Hi FedScale team, here's my suggestion on how to implement the async simulation mode using device traces without needing a constant arrival parameter (related to #162):

sort device traces by start time
queue = initialize min priority queue
while tasks_issued < buffer_size:
   event_time, event_type, client_id = queue.get()
   if event_type == 'start':
        current_concurrency += 1
        if current_concurrency < MAX_CONCURRENCY:
            issue_task(event_time)
    else:
        current_concurrency -= 1
        if current_concurrency == MAX_CONCURRENCY - 1:
            issue_task(event_time)

issue_task(event_time):
    client, trace_start, trace_end = sample next available client at event_time
    add client task to individual executor's queue
    queue.put((trace_start, 'start', client))
    queue.put((trace_end, 'end', client)

This works well in my implementation, but might be harder to integrate into fedscale, hence I'm creating an issue to document it. Let me know if you have any questions / concerns.
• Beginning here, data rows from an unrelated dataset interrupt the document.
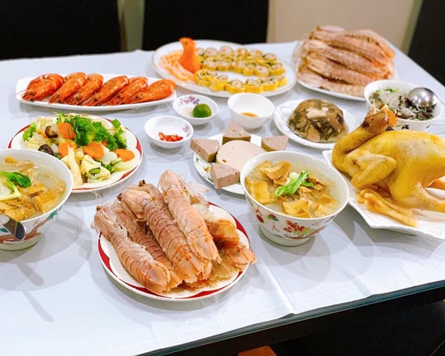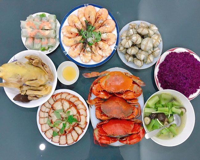 | Mâm cỗ đầy màu sắc, đủ từ gà, thịt và hải sản... |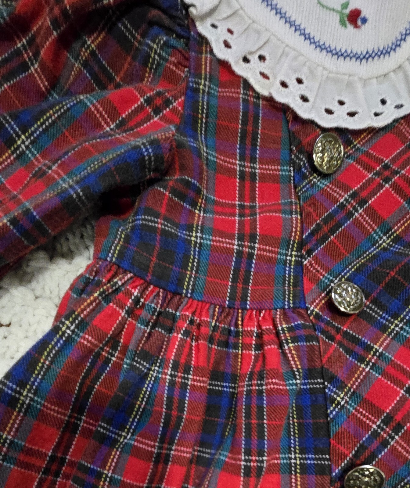как выглядит Vintage Girls Dress Sz 4 Red Plaid Lace Ruffle Long Sleeves Holiday Cottagecore фото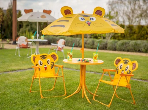 - Завдяки такому комплекту меблів ви створите практичний і функціональний простір для дітей, який складається з: столу, парасольки і двох стільців.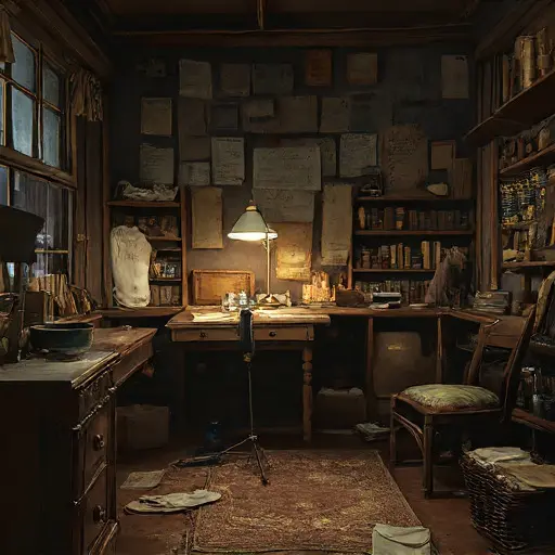 Alderyn Mave Thrennisholm, a tutor of household arithmetic and reading fluency, lived here with her younger cousin Leovar, an apprentice book-press hand whose wages came sporadically. Alderyn fashioned the ledgering niche into a careful world: slates stacked by challenge level, pencils trimmed evenly, quills sharpened, practice slips sorted into neat paper bands. She walked the same half-circle before each session, murmuring numbers to steady her thoughts. As Leovar’s hours dwindled and Alderyn’s joints stiffened from the cold, their income thinned. Lessons grew scarce. Ink rims dried. Pages waited uncorrected until their corners curled. Her routines sagged, losing definition one small gesture at a time, mirrored precisely by the niche around her.

Below is the python code for this scheduling algorithm, feel free to run it and validate the output:

import random
from queue import PriorityQueue

id = 0

def generate_start_end(time):
    # next available client
    global id
    start_time = time + random.randint(0, 1)
    duration = random.randint(1, 3)
    id += 1
    return start_time, start_time + duration, id

min_pq = PriorityQueue()
total_tasks = 1

TOTAL_TASKS = 10
MAX_CONCURRENCY = 1
current_concurrency = 0
start_times = {}

def new_task(event_time):
    new_start, new_end, client_id = generate_start_end(event_time)
    min_pq.put((new_start, 'start', client_id))
    min_pq.put((new_end, 'end', client_id))
    start_times[client_id] = new_start

new_task(0)
while not min_pq.empty():
    event_time, event_type, client_id = min_pq.get()
    if event_type == 'start':
        current_concurrency += 1
        if total_tasks < TOTAL_TASKS and current_concurrency < MAX_CONCURRENCY:
            new_task(event_time)
            total_tasks += 1
    else:
        current_concurrency -= 1
        if total_tasks < TOTAL_TASKS and current_concurrency == MAX_CONCURRENCY - 1:
            new_task(event_time)
            total_tasks += 1
        print(f"processing event starting at {start_times[client_id]} and ending at {event_time}")

Use case

No response

fanlai0990 commented 2 years ago

Great! Thanks a lot! Actually, Amber pushed a similar idea yesterday #173, which of course needs more efforts. We will work on this once we have more bandwidth.